Comme elle est touchante lorsqu'elle se confie à Cléone, implore son secours, évoque avec tendresse le souvenir des jours heureux où Pyrrhus répondait à son amour !

Elle croit encore naïvement être aimée parce qu’elle aime. Au vers 413, comme Chimène, elle évoque le souci de sa «gloire». Mais, cruellement déçue dans ses espoirs les plus chers, elle passe sans transition des révoltes de l’amour-propre (vers 414-415) à l’aveu du vers 416, où elle s’exclame :

«Ah ! je I'ai trop aimé, pour ne le point haïr !», traduisant brusquement ses véritables sentiments, qu’elle essayait de se cacher ! On peut remarquer que c’est un des aspects de l’ironie tragique de Racine que de montrer la douloureuse proximité entre l’amour et la haine ; que d’indiquer que l’amour,

quand il est violemment contrarié, devient haine et cruauté. Elle ressent le besoin de se venger avec une violence qu’annonce le vers 420.

Elle veut alors se persuader qu’ellle peut aimer Oreste, mais elle appréhende sa vue parce qu’elle se rend compte qu’elle va se présenter à ses yeux dans une position d’infériorité, situation intenable pour un être aussi hautain, trop orgueilleux pour s’avouer sa défaite. Elle redoute par-dessus toute chose ses sarcasmes (vers 397-400), témoignant ainsi qu'elle ne le connaît pas. Admettant que son ingratitude constante est coupable, elle consent (vers 385) à ce qu'il la voie (et non pas à le voir), condescend (vers 386) à lui «accorder» une «joie». Mais c’est uniquement parce qu’il est un allié possible dans les efforts qu’elle fait pour amener Pyrrhus à se déclarer.

La tirade qui s’étend des vers 427 à 448 expose encore les revirements de son âme.
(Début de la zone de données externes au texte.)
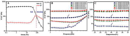 Linear viscoelastic region of CS-TBA-Fe hydrogels (A), and the frequency sweep (B) and temperature sweep (C) tests with different curing time.
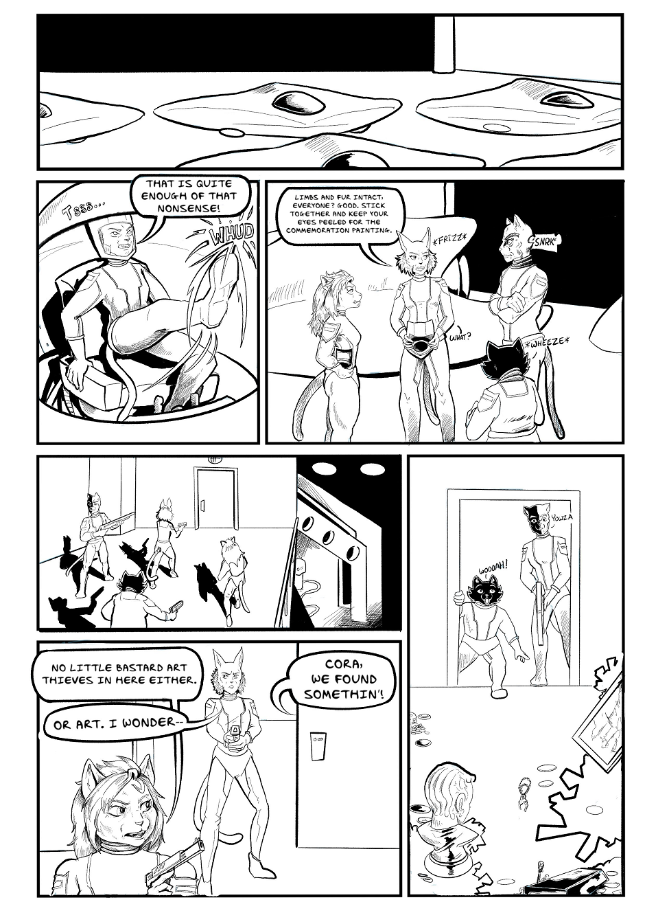 In this weekly comic (new pages on Tuesdays!), a heroic squad of four space-faring cats -- dauntless Captain Cora, team firebrand Mini, ever-curious Fido, and stoic strongman Icky -- fly their ship Catnip 1 into dangerous and thrilling adventures, surviving on the strength of their instincts... and their friendships.
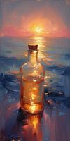 Een glazen fles vangt de laatste glinsterende stralen van de zon die in de zee zakt. De reflecties dansen over de golven en geven de fles een gloeiende kern, die bijna licht lijkt te geven in het vallende duister.
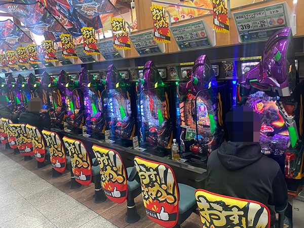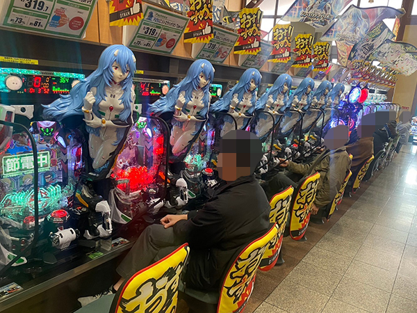 15時ごろの4円パチンコでは「ぱちんこ シン・エヴァンゲリオン Type レイ」や「新世紀エヴァンゲリオン〜未来への咆哮〜」で好調なプレイヤーが多数見受けられ、時折見せる嬉しそうな表情が印象に残っている。
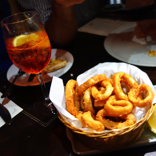 Começamos provando as deliciosas I Calamari, lulas empanadas bem crocantes acompanhadas por molho marinara e limão siciliano.
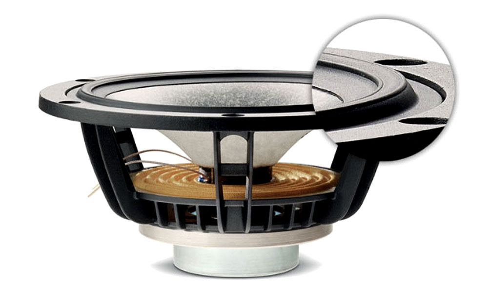 ข้อมูลในเว็บไซต์ของ Focal เองระบุชัดว่า พวกเขาให้ความสำคัญกับ เสียงกลาง” (midrange) เป็นพิเศษในการพัฒนาเทคนิคต่างๆ ขึ้นมาใช้กับการปรับจูนการทำงานของไดเวอร์มิด/เบสตัวนี้เพื่อให้มันตอบสนองเสียงกลางได้อย่างมีประสิทธิภาพสูงสุด นั่นคือนอกจากจะพัฒนาวัสดุที่ใช้ทำไดอะแฟรมจนได้ออกมาเป็น W Technology แล้ว พวกเขายังตามไปแก้ปัญหาอีกจุดหนึ่งที่มักจะเกิดขึ้นขณะที่ไดอะแฟรมของตัวมิด/เบสกำลังทำงาน นั่นคือปัญหาที่เรียกว่า “break upซึ่งเกิดขึ้นตอนที่ไดเวอร์ทำงานหนักจนถึงระดับเสียการทรงตัว ซึ่งเป็นลักษณะของขอบยาง (surround suspension) ที่เชื่อมโยงอยู่ระหว่างขอบนอกของไดอะแฟรมกับวงในของโครงโลหะ (basket) ที่ใช้ยึดไดอะแฟรมไม่สามารถยืดหยุ่นตัวรองรับแรงสั่นกระพือของไดอะแฟรมเอาไว้ได้ ทำให้ส่งผลเสียต่อความถี่ด้านบนๆ (upper midrange) ที่ตัวมิด/เบสรับภาระอยู่ ซึ่งเป็นย่านความถี่ที่เชื่อมต่อกับความถี่ด้านล่าง (lower-high frequency) ของเสียงแหลมที่เกิดจากการทำงานของทวีตเตอร์
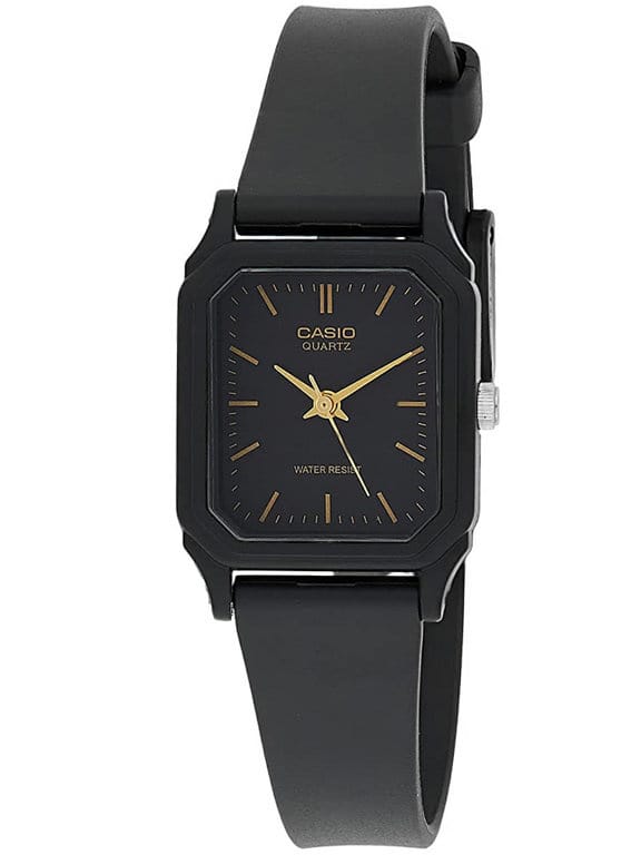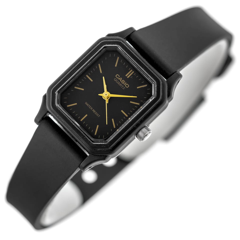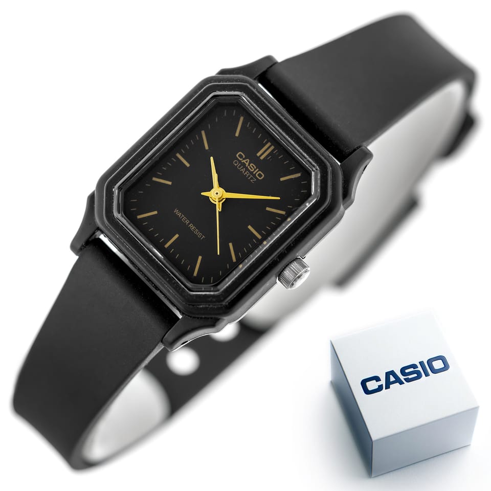 Zegarek Casio CASIO LQ-142-1E to połączenie klasyki z nowoczesnym stylem, które idealnie wpisuje się w eleganckie i codzienne potrzeby współczesnej kobiety. Jego subtelna, czarna koperta oraz delikatny pasek z wysokiej jakości tworzywa sztucznego tworzą niepowtarzalną całość, która doda szyku każdej stylizacji. Prosty, ale elegancki cyferblat w kolorze czarnym z delikatnymi ale wyraźnymi cyframi doskonale harmonizuje z całością, zapewniając nie tylko estetyczny wygląd, ale i wyjątkową czytelność. Zegarek został zaprojektowany z myślą o codziennym użytkowaniu – jest lekki, komfortowy i łatwy do dopasowania do nadgarstka dzięki regulowanemu paskowi.
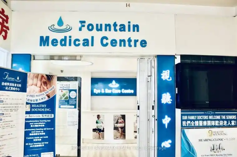 Located In Famous “Richlane Mall” Just Beside Prestigious “Bayview Hill”. This Mall Features Different Medical Clinics ,Pharmacy, Beauty Salon And A Few Different Restaurants. Previous Optometry Area Internally Open To Medical Clinic Having Family Doctors.It Is An Idea Place for Medical Related Business. It Is just Beside Family Doctors And Pharmacy Will Have Stable Guest Flow!! This Mall Jus Renovated ! Close To HWY 404.You Must See!!
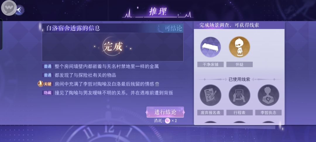 推理关键选择白洛执念。(具体见下面图。)
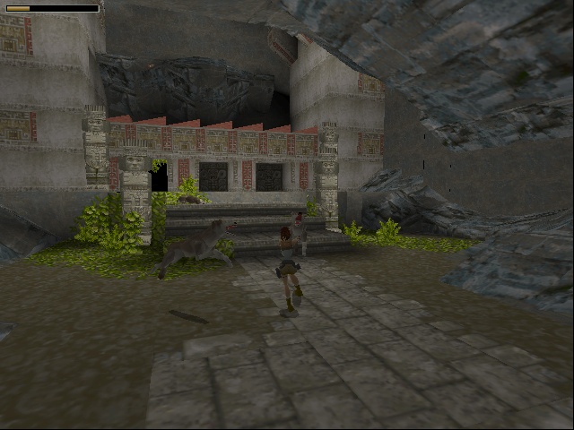 The first half of the FMV that originally shows Lara getting into the Peruvian ruin is made playable in the remake. It serves as a brief tutorial for those who skipped the Croft Mansion, introducing all the climbing mechanics. Ironically, Lara would climb the giant portal with a grappling hook which wasn't actually in the original game, but gets frequent use in the remake. |
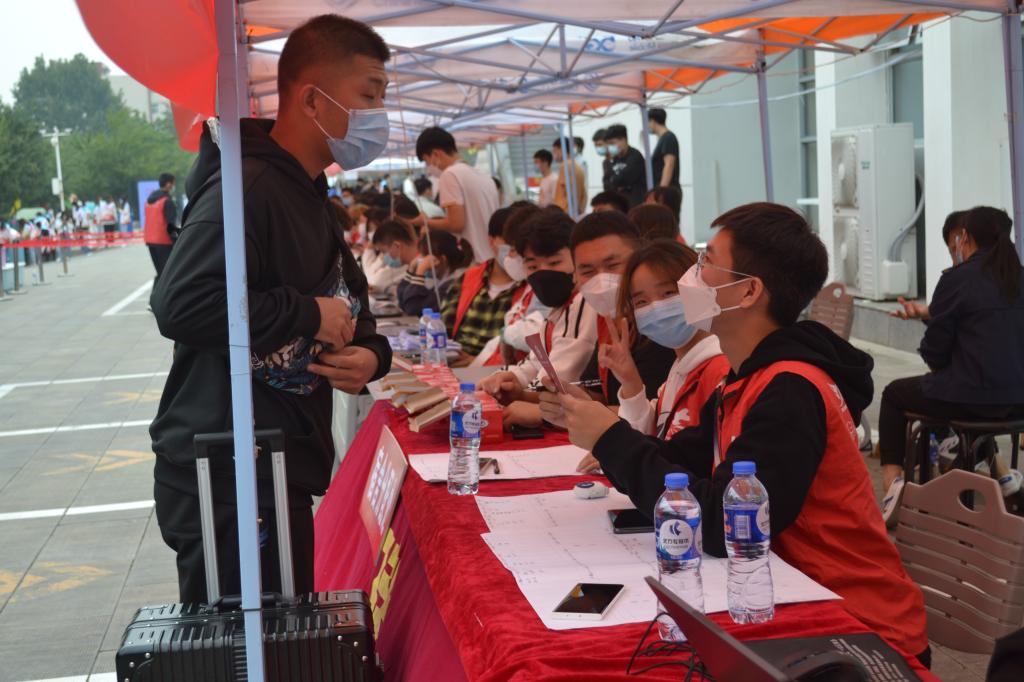 我系新生接待处设在体育馆北侧,红色的迎新条幅,人性化的道路指示,面带微笑的志愿者,彰显了建筑工程系良好的精神面貌。志愿者们的服务精神展现在每个细节之中:带领新同学办理入学手续、搬运行李、领取被褥……哪怕天空下起绵绵细雨,他们的热情依旧未减,主动提供雨具护送新生,既暖心又高效。期间,我系领导和老师还深入宿舍,为新同学们送上嘱托和关怀。
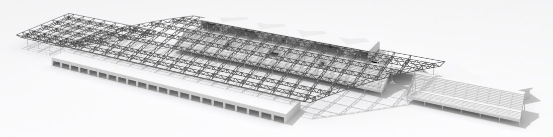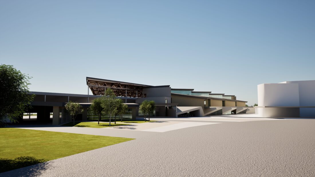 東京ビッグサイトの象徴といえば、巨大な逆三角形の構造体である。本設計では、あの力強くアイコニックな造形をリスペクトし、屋根形状や正面ファサードに現れる三角形のモチーフをデザインの共通言語とした。これにより、建築単体としての主張に留まらず、周辺施設との視覚的な連続性を生み出し、都市風景に自然と溶け込ませることを形態コンセプトの核としている。
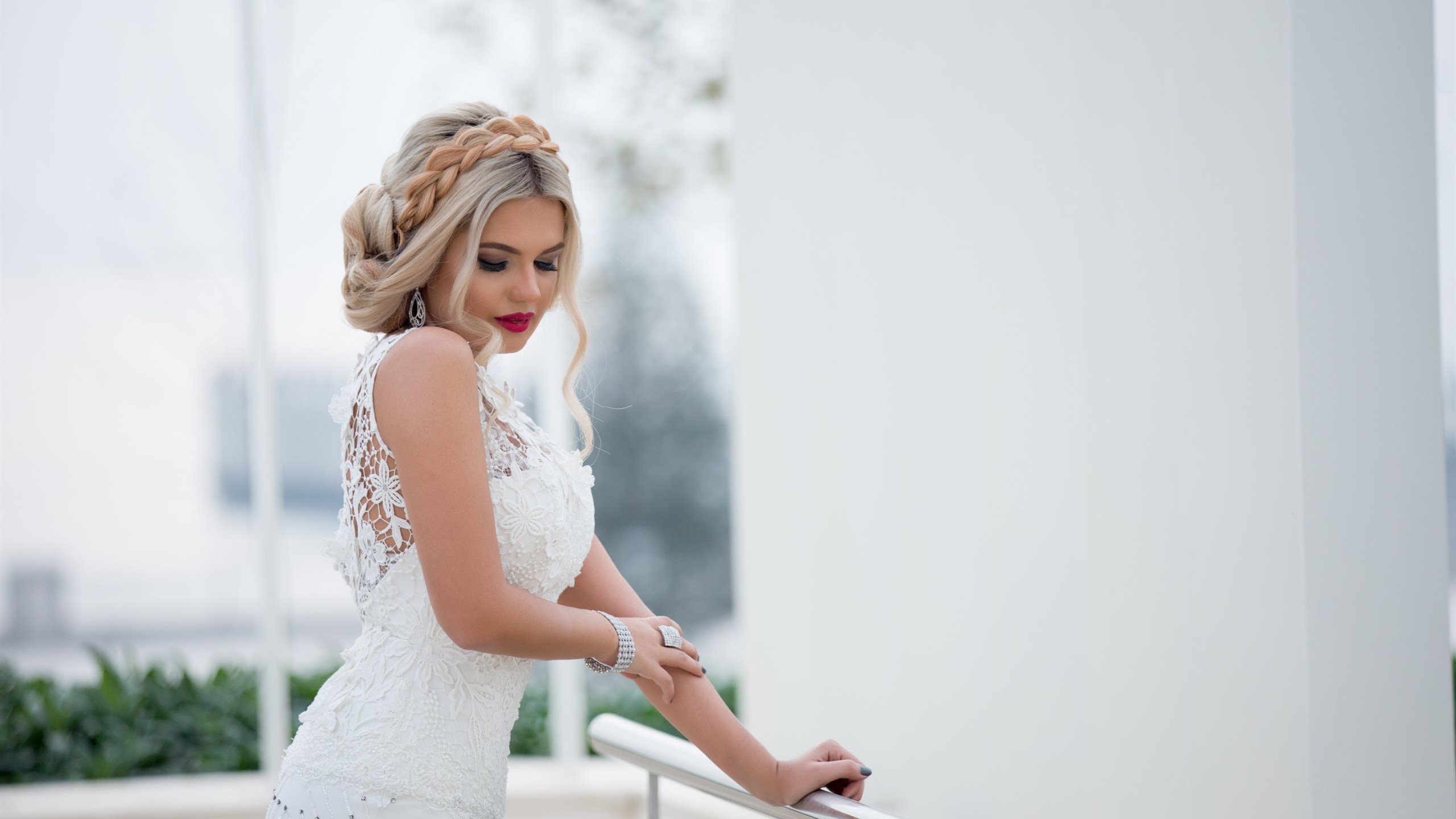 Description: A woman in a white dress leaning on a railing with her hand on her hip and looking down at her.
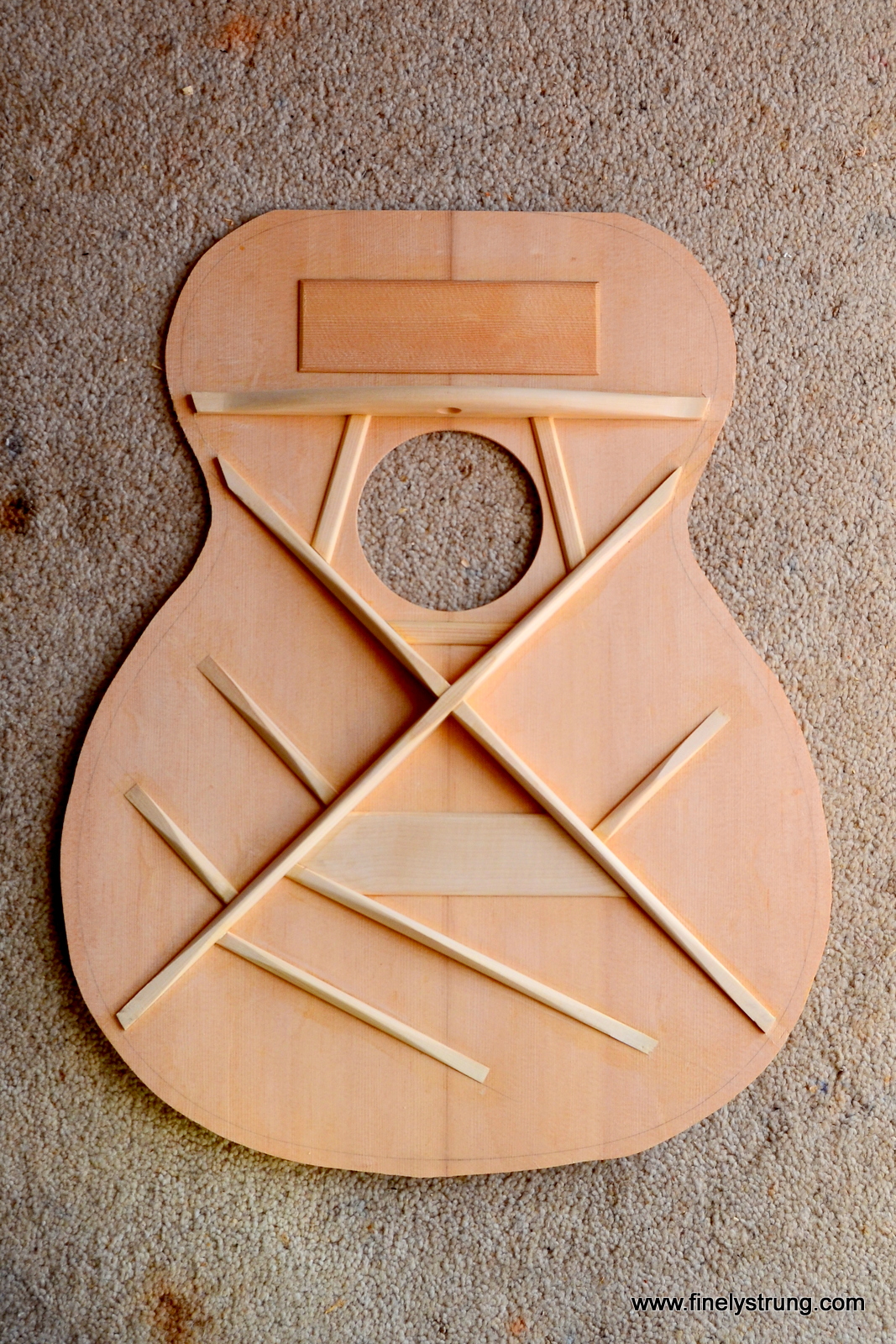 I’d made a cutaway version of this guitar a couple of years ago (photographs here) but, this time, I modified the design to have the neck meet the body at the 12th rather than the 14th fret. This means moving the bridge about 30mm down the soundboard and narrowing the angle between the two arms of the X brace slightly.

Elle se veut d’abord convaincue de ne plus aimer Pyrrhus, et semble même se décider à le fuir. Puis elle imagine un changement d’attitude radical chez lui, se déclarant prête, «si I'ingrat rentrait dans son devoir», à I'accueillir encore (vers 436-440). Mais à cette illusion enchanteresse vient se substituer l’attristante réalité. Elle comprend qu’elle a commis I'erreur de montrer à Pyrrhus qu’elle était conquise ; qu’il faut

«contre un amant qui plaît» affecter de la «fierté», pour tenir son désir en haleine. Elle regrette : «Hélas ! pour mon malheur, je l’ai trop écouté.

Je n'ai point du silence affecté le mystère.» (vers 456-457).

Hautaine, orgueilleuse, maladroite, et par là antipathique, elle est aussi une faible jeune fille, et même une enfant gâtée, qui rejette ses responsabilités sur les autres (vers 470), et pousse loin la versatilité puérile. Être de passion, qui ne raisonne pas, se souvient, mais ne veut pas comprendre le présent, elle garde un fond de naïveté qui, à défaut de sympathie, lui vaut de la compassion.